1. Primary Texts: Narrative Prose

Ralph Ellison. Invisible Man.



Supporting References:






  1. Hart, James D. "Invisible Man." The Concise Oxford Companion to American Literature. : Oxford University Press, 1986. Oxford Reference. 2002. Date Accessed 3 Sep. 2013 .


“Invisible Man, novel by Ralph Ellison, published in 1952. The nameless black narrator living in an underground “hole” in New York City, brilliantly lighted by electricity he taps from Monopolated Light and Power, is invisible because people with whom he comes in contact “see only my surroundings, themselves, or figments of their imagination.” Such vision is illustrated by his reminiscences of the Kafkaesque pilgrimage he has made from his beginnings in the South. As a bright high-school student he is invited by his town's most important men to deliver an oration to them on the virtues of humility. Before he is allowed to speak he must watch ribald entertainment and is forced to join other “niggers” in a blindfold fistfight. When he finally delivers his speech he mistakenly speaks of “social equality” instead of “social responsibility” and has to apologize abjectly so as to retain his prize of a scholarship to a college for blacks. At the college he finds the head to be a tyrannical hypocrite in his treatment of the students and fawningly humble to the white community. Expelled from the college, he goes to New York and soon falls in with the ruthless Brother Jack, leader of the Communist Brotherhood, more concerned with party politics and an authoritarian platform than with true aid to blacks. He is equally disillusioned by Ras the Exhorter, a West Indian rabble-rousing street leader, basically a self-promoter, and the Rev. B.P. Rinehart, “spiritual technologist” and preacher and a petty criminal as well. His experiences are climaxed by a surrealistic view of a Harlem race riot and its arson and looting. From this he retreats to his hideaway hole, reflecting upon the dehumanization visited not only on blacks but on all modern men.”



  1. Callahan, John F. "Ellison, Ralph." The Oxford Companion to United States History. : Oxford University Press, 2001. Oxford Reference. 2004. Date Accessed 19 Aug. 2013 .



The article offers an overview of Ellison and less a discussion on the above-cited text.



Ellison, Ralph (1914–1994), novelist and essayist. Born in Oklahoma City, the grandson of slaves, Ralph Waldo Ellison played trumpet as a youth and later studied composition at Tuskegee Institution. In 1936, after his junior year there, he moved to New York City to study sculpture. A friendship with Richard Wright turned him to writing. From 1938 to World War II he worked on the Works Progress Administration's Federal Writers' Project and contributed reviews, essays, and short fiction to New Masses, The Negro Quarterly (which he edited for a time), and other periodicals.

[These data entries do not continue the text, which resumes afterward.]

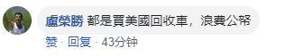 还有岛内网友表示,“都是买美国回收车,浪费公帑”,斥责蔡当局“花钱花钱再花钱”。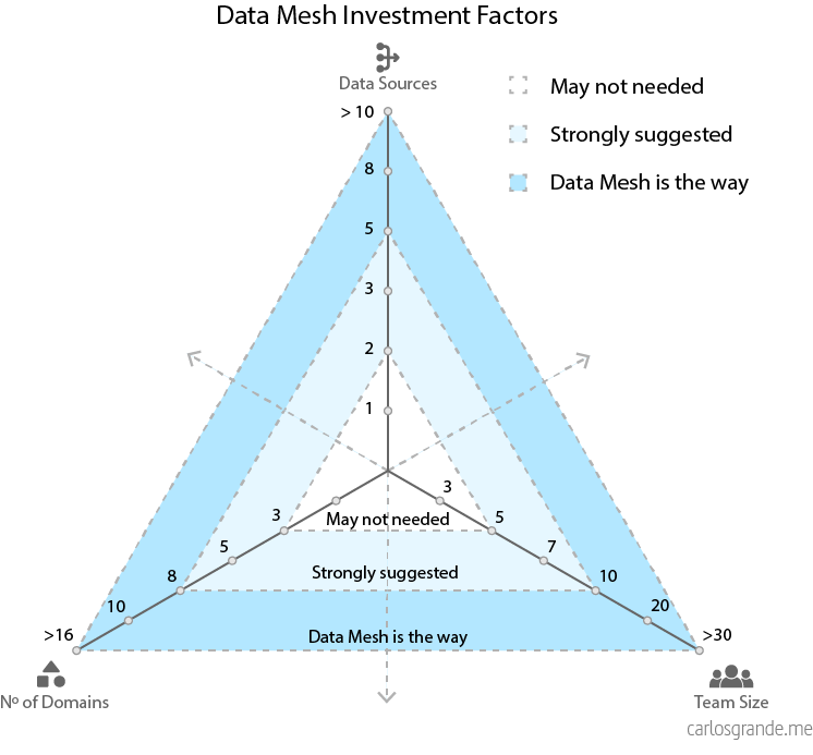 There is an excellent article from Barr Moses about Data Mesh. She proposes a simple calculation to determine if it makes sense for your organization to invest in a data mesh.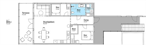 Endeleilighet i andre etasje, som inneholder: Entré, to soverom, baderom med eget vaskerom, bod, stue med åpen kjøkkenløsning og utgang til flott terrasse på 17,3 kvm. I tillegg følger utvendig sportsbod. Leiligheten har mulighet for et tredje soverom
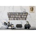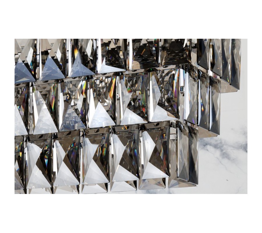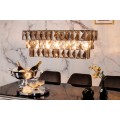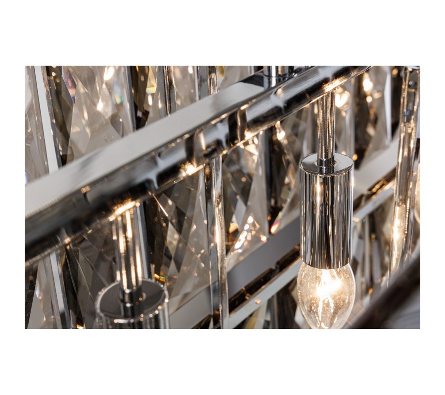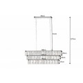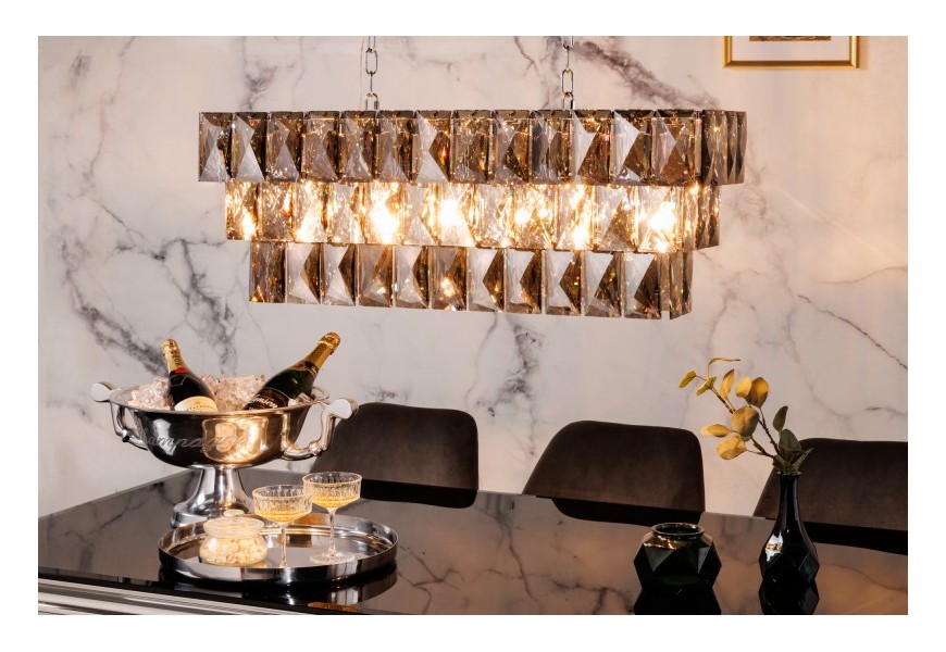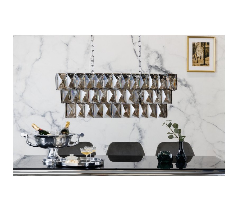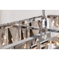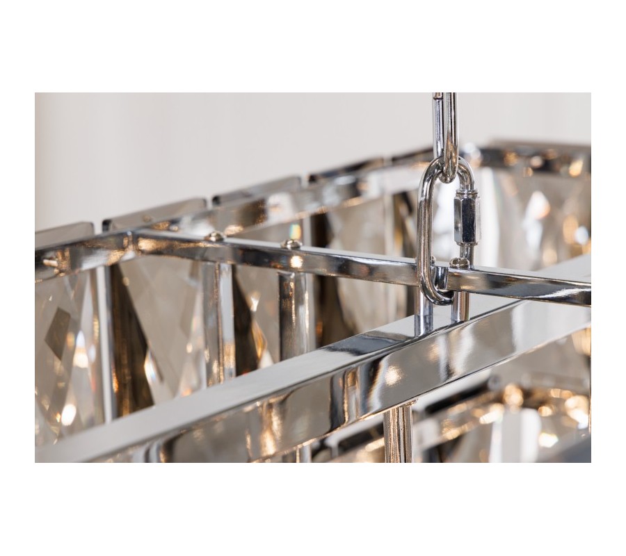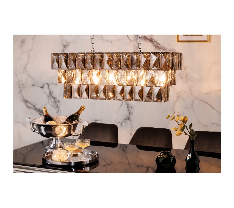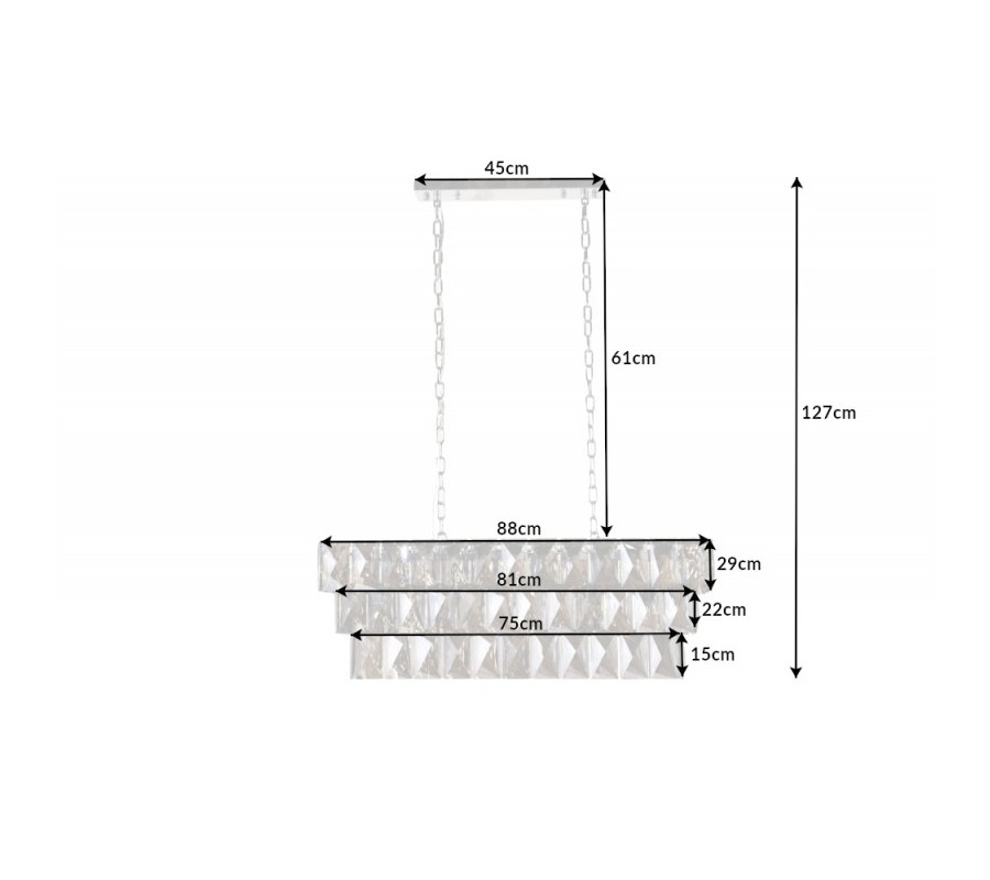 Luxusná závesná lampa Leontin je exkluzívnym kúskom, ktorý zaujme svojím vysoko elegantným vzhľadom. Jeho konštrukcia pozostáva z troch úrovní obdĺžnikového tvaru vytvárajúcich vzhľad obrátenej pyramídy. Chrómovú konštrukciu striebornej farby visiacu na kovových reťaziach dopĺňa nádherné krištáľové zdobenie, ktoré vo vašich priestoroch vytvorí honosný nádych. Vzniká tak jedinečne pôsobiaci dizajn s nádychom glamour štýlu, ktorý si uplatnenie nájde v moderných i art deco ladených luxusných interiéroch. Vďaka krištáľovému zdobeniu vzniká nádherný svetelný efekt. Závesná lampa Leontin tak výborne poslúži na rozjasnenie obývačiek či jedální, no svoje miesto si nájde aj vo firemných, hotelových či iných reprezentatívnych priestoroch. Závesná lampa Leontin vynikne v kombinácii s výrazným tmavým stolom z kovu či skla, sedačkami s koženým alebo zamatovým čalúnením a bohatými doplnkami vo výrazných farbách. Vhodné sú tiež zlaté alebo strieborné doplnky, rovnako ako aj dekorácie so zrkadlovým efektom či luxusné koberčeky s dlhým vlasom. Do lampy je potrebných 5 kusov žiaroviek typu E14 max 40W.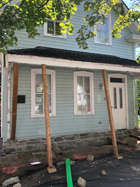 The roofs were replaced with western red-cedar shingles, the stone foundation rebuilt, and the front porch — with its pierced balustrade and chamfered posts — reconstructed in heritage pine. The front door and original windows were restored, while six new wood replicas replaced later PVC units, reinstating the façade’s 19th-century rhythm.

After service in the Merchant Marine (1942–1945), he held various jobs, including work as a freelance photographer. After a brief first marriage, he married Fanny McConnell in 1946; for more than forty years, they lived in Harlem.



“Ellison's novel Invisible Man (1952) won the National Book Award and has since grown in critical esteem and popularity. Displaying a mastery of language, symbolism, and allegory, and a humane sensibility, it brilliantly probes the African-American experience and American racial dynamics. After a fellowship at the American Academy in Rome (1955–1957), Ellison taught and lectured at several institutions, including Bard College, Yale, and Harvard. Excerpts from his unfinished second novel appeared in various literary magazines in the 1960s, and a version was published posthumously in 1999 as Juneteenth. Ellison's essays and interviews appeared in Shadow and Act (1964), Going to the Territory (1986), and the posthumous Collected Essays (1995) and his short fiction in Flying Home and Other Stories (1996).
“Stubbornly committed to a vision of American life and culture rooted in complexity, diversity, and possibility, Ellison criticized some African Americans' tendencies to view their “relationship to American literature in a negative way.” As a novelist, he said, he felt the same “personal responsibility for democracy” that he found in “our classic 19th-century novels.” He received the Presidential Medal of Freedom in 1969.